VBG samples are drawn pre-bladder. ABG samples drawn Post MO
ECMO circuit: What is the location of the CDI, transducers, and transonic on the circuit?
The CDI venous blood sensor is placed pre-bladder and the arterial sensor is located on the CDI shunt. Transducers are located pre-bladder and pre and post MO. The Transonic is located post MO, distal to last pigtail and proximal to the patient.
ECMO circuit: Where is air removed from the circuit?
Air is typically removed from the pigtails at the top of the bladder, heat exchanger and the front of the MO.
CDI recalibration and routine monitoring
CDI calibration should be done Q1 x2 after initiating ECMO and until patient is stable. Then Q6 for 24 hours and then Q8
Decreased venous return: Causes and corrective actions.
Cannula problems like tight sutures, kinks/collapse, or inappropriate size can be corrected by raising the bed, repostioning the baby, or by giving volume.

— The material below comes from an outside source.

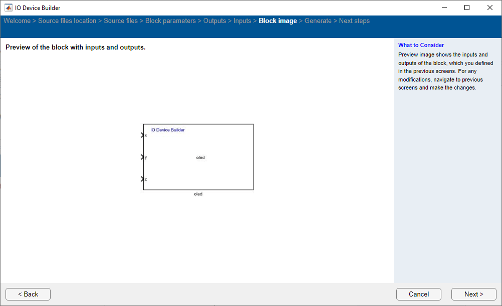 On the Block image page, view the preview of the block with the inputs and outputs you added. Click Next to continue.
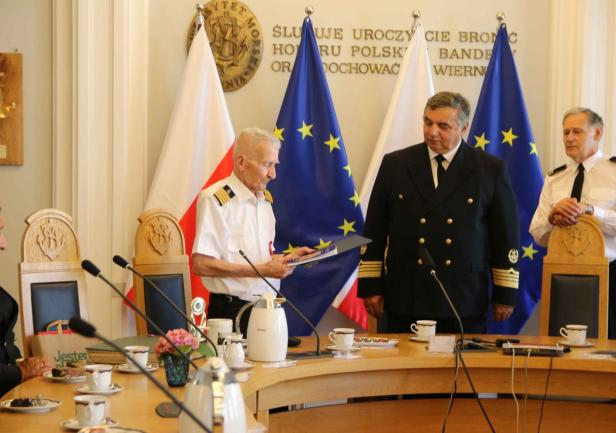 W uroczystości udział wzięli Pan Prorektor ds. Kształcenia dr hab. Sambor Guze, prof. UMG, Pan Prorektor ds. Nauki dr hab. Dariusz Barbucha, prof. UMG, Pan Tomasz Augustyniak Wiceprezydent Miasta Gdyni, Pan Szymon Kulas p.o. Dyrektora Narodowego Muzeum Morskiego, Pan Dyrektor Działu Armatorskiego i Praktyk Morskich mgr kpt. ż.w. Dariusz Jellonnek, Przewodniczący Stowarzyszenia Kapitanów Żeglugi Wielkiej oraz Prezes Prezydium Zarządu Głównego Ligii Morskiej i Rzecznej Pan dr inż. kpt. ż.w. Andrzej Królikowski, a także uczestnicy pamiętnego rejsu - Pan dr hab. inż. kpt. ż.w. Henryk Śniegocki, prof. UMG oraz komendant „Daru Młodzieży” Pan kpt. ż.w. Mirosław Peszkowski.

Cardiac problems such as cardiac tamponade, myocardial stun, pneumopericardium and pneumothorax can be addressed by giving blood or fluid blous if patient is hypotensive. Sedation and suction can also help. A resolving pneumo can also be a cause for decreased venous return.
Gas flow to MO: Minimum and maximum flows, control of oxygen and CO2
O2 flows/CO2- max combined flow on the neo MO is 5.6lpm.